Jörn "Joe" Menninnger | Founder, Editor in Chief | Startuprad.io [00:00:09]:
Your podcast and YouTube blog covering the German startup scene with news interviews and live events. Hey guys, welcome back to part two of our interview with Nicola from Haikyuu AI, a quantum computing startup. He was just power loading us with information and we were talking about as much as possible in one episode. So we decided instead of the usual ad break in the middle, we split this in two episodes. So welcome back here Mikola. Welcome back and let's dive right in. Your anomaly detection work with IBM's Hero processor was presented as an imperial signal rather than a claim of quantum advantage. What exactly did that experiment demonstrate?
Mykola Myksymenko | Co-Founder & CTO | Haiqu [00:01:04]:
Yeah, so that that's actually one of the recent exciting work in our team. So it's not yet published in the like proper peer reviewed journal. However the there is a lot of material that will go in the peer reviewed publication soon. But the great result that we got is the following. So one of the bottlenecks in quantum computers is data loading.

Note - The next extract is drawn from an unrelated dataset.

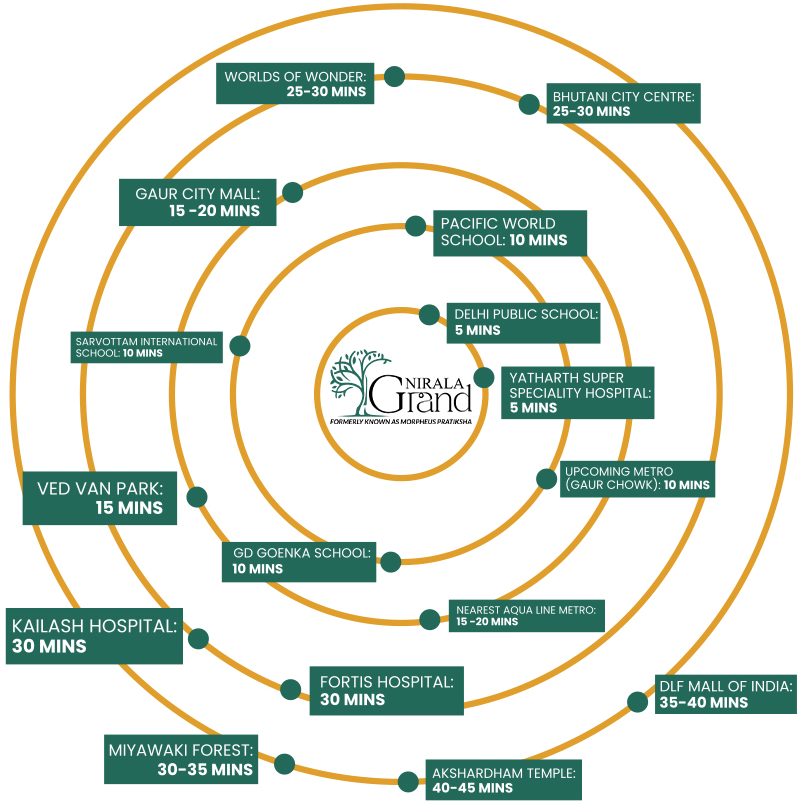NIRALA GRAND (formerly known as Morpheus Pratiksha), located in the vicinity of Noida, at Sector 1, Greater Noida West - A premium residential project that offers a harmonious blend of Indian heritage and modern luxury. From the spiritual tranquility of Brahmsthal and the timeless charm of the Central Banyan Tree to the elevated elegance of the Sky Walk and the serene luxury of the Moonwalk & Lounge, every space is thoughtfully designed to create a seamless balance between cultural richness and modern comfort. More than just amenities, these iconic spaces are enriching environments created to transform everyday moments into a living experience rooted in calm, connection, and luxury right in the essence of modern urban habitation.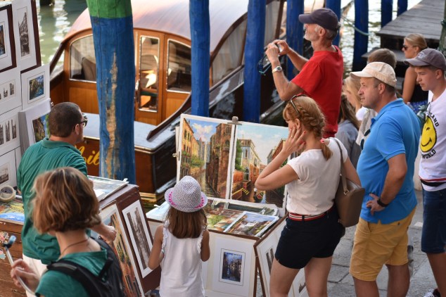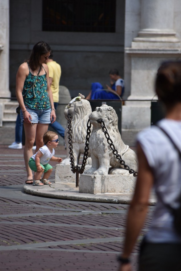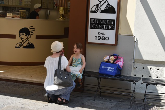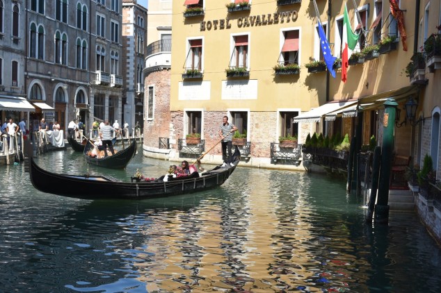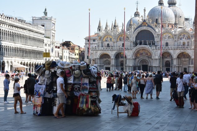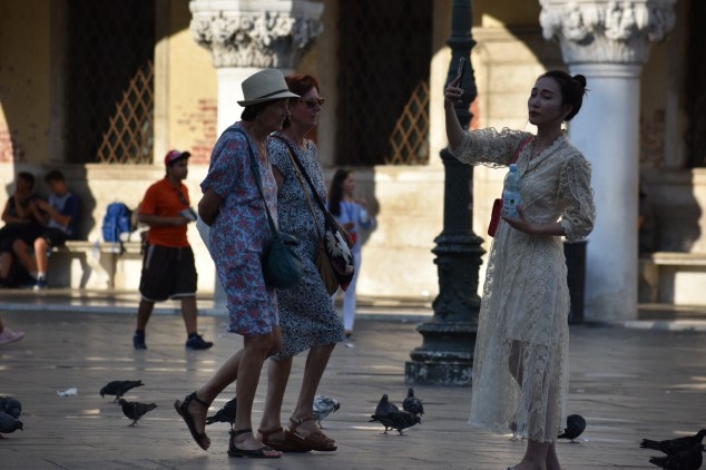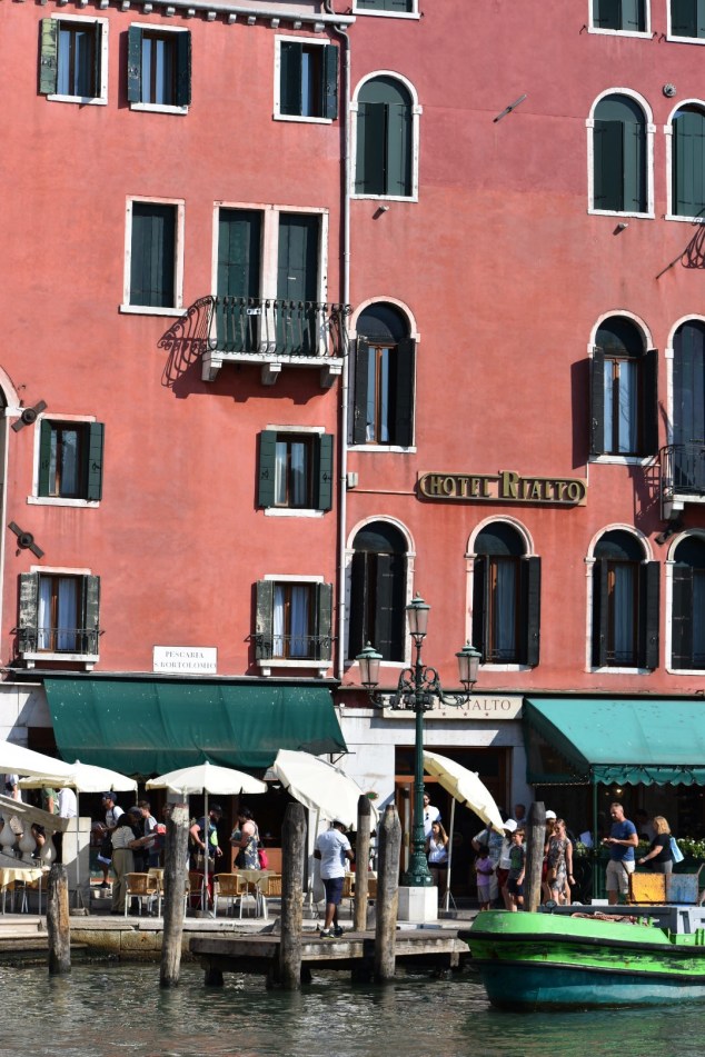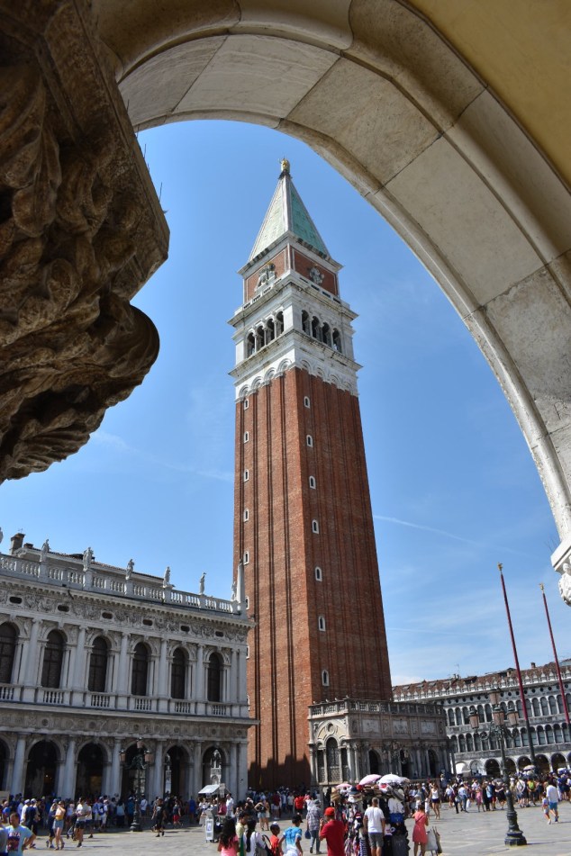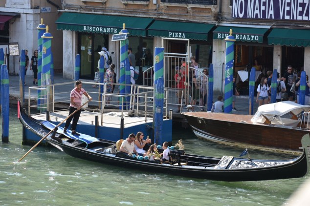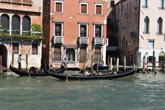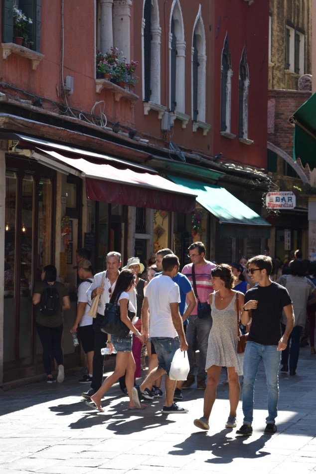 Back at Piazza San Marco we sat outside at a cafe with a live orchestra to people watch. Tour groups full of weary tourists strolled by following guides holding limp flags. Families of small children stopped to feed the pigeons. One family had a pigeon eating on top of a girl’s hat. Selfie sticks are still popular and we sometimes wonder if the people actually look at the monuments they snap pictures of themselves standing by. Bells rang out every hour echoing through the Piazza. We could have stayed there for hours.

So if you want for example to apply quantum computers to machine learning applications, the first problem that you will discover is not that it's hard to train or like you need to build some architectures of neural networks or your machine learning algorithm, but you basically will have troubles with encoding your data in the quantum computing memory or the state initial state. And typically when you do so, you need so deep or so many operations in your algorithms that it very quickly accumulates noise. Because quantum computers are currently noisy, they have errors and because of those errors your data becomes corrupted, so it's not operable.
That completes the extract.